Prompt advice is folklore-rich; a small set of findings replicates well enough to build on. All figures below are the cited papers’ claims.

  • Mood matters by task. Declarative statements of the desired end state outperform imperative step lists on complex reasoning (roughly a 23 percent gap in SatLM, arXiv:2305.09656); imperative wins for sequential tool execution. Describe outcomes for thinking work, steps for mechanical work.
  • Specificity is task-dependent. Added detail helps math (+0.47 accuracy delta) and code (+0.31), does nothing for decision-making, and hurts creative work (DETAIL, arXiv:2512.02246). Specify output format, boundaries, and success criteria; stay loose on approach.
  • Negative constraints backfire at scale. “NEVER use global state” semantically activates the forbidden thing (the pink-elephant effect). Reformulate prohibitions as the desired positive behaviour: “use dependency injection.”
  • Personas mostly do not work. Across 162 personas and 2,410 questions, role-play backstories produced no factual or reasoning gains and reduced accuracy in about 30 percent of cases (arXiv:2311.10054). A minimal focus statement (“focus on security implications”) does the useful part.
  • Chain-of-thought is a mode switch, not a logic upgrade. It moved early benchmarks dramatically, but invalid reasoning exemplars work almost as well as valid ones, and on modern reasoning models forced step-by-step adds 20 to 80 percent latency for little or no accuracy gain (Wharton Prompting Science, 2025). Use it for debugging and mandated-transparency formats, not as a default.
  • Position and order matter. Earlier content is weighted more, so order constraints critical-first; ends of long prompts get more attention than middles, so restate load-bearing constraints near the end.

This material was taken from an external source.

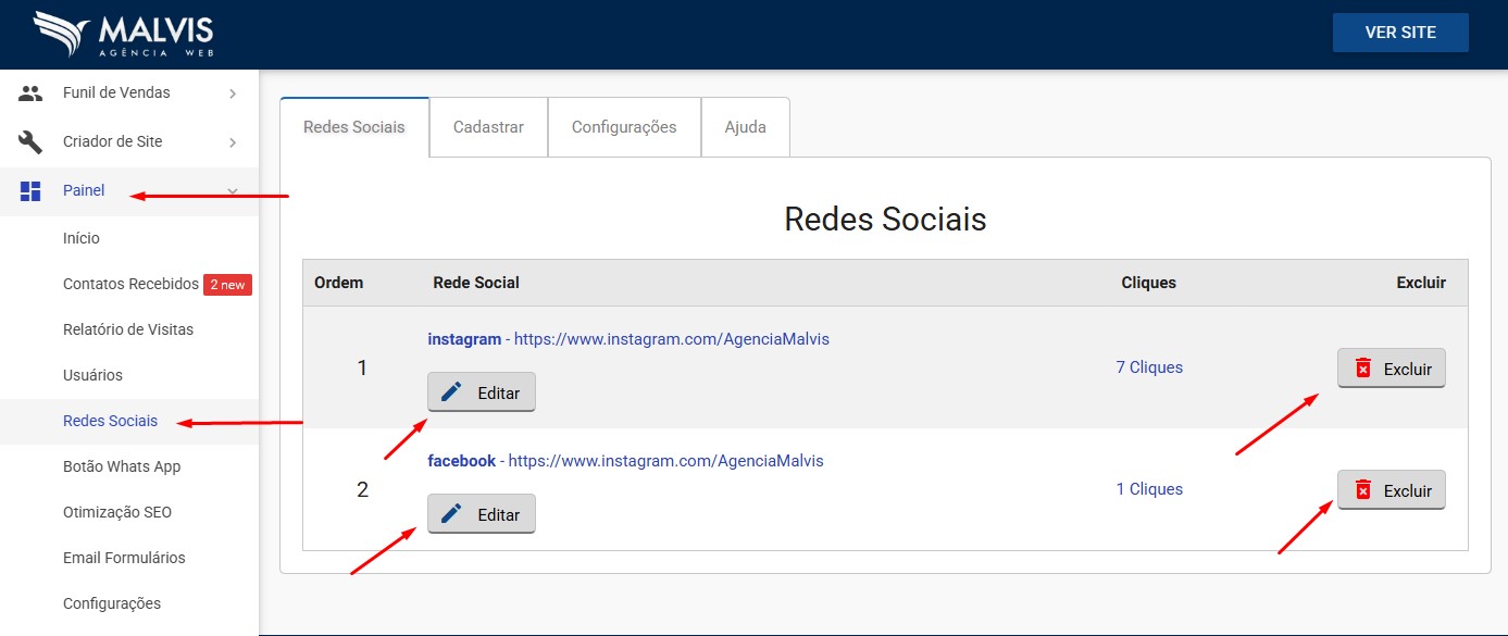 Clique no botão Excluir para remover a rede social do site.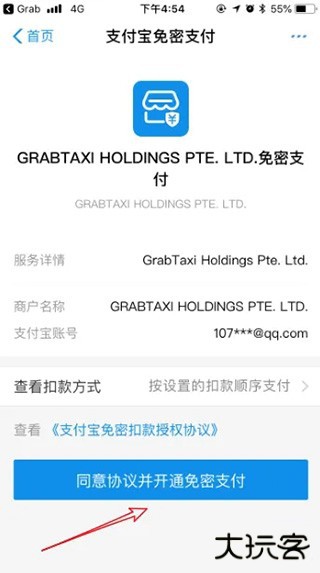 5.转到支付宝免密支付页面后,点击下方的同意协议并开通免密支付选项

Prompts have a growth path, and knowing where you are on it prevents both under- and over-engineering. There are seven proposed levels; compressed, the ladder runs:

  1. Static text, then parameterized templates, then conditional branching.
  2. Contextual prompts that read project state, then composed prompts that invoke other prompts. This is where prompting starts to shade into orchestration.
  3. Self-modifying prompts that update their own content from results, and finally meta-cognitive prompts that improve other prompts. These two demand the disciplines of Skills and the update hygiene covered in the Knowledge Base: preserve what works, append with dates and provenance, remove only on repeated contradicting evidence, and gate self-modification behind approval.

Start at the lowest level that solves the problem. The signal to climb: you are copy-pasting the same prompt with small edits, or hand-tweaking every output the same way. The signal you have climbed too far: debugging the prompt costs more than the work it saves.

Treat prompts at level 2 and above as code: version-controlled, with recorded rationales for changes and a small set of known inputs you re-run after every edit. That habit, generalised, becomes the Evaluation Harness later in the book.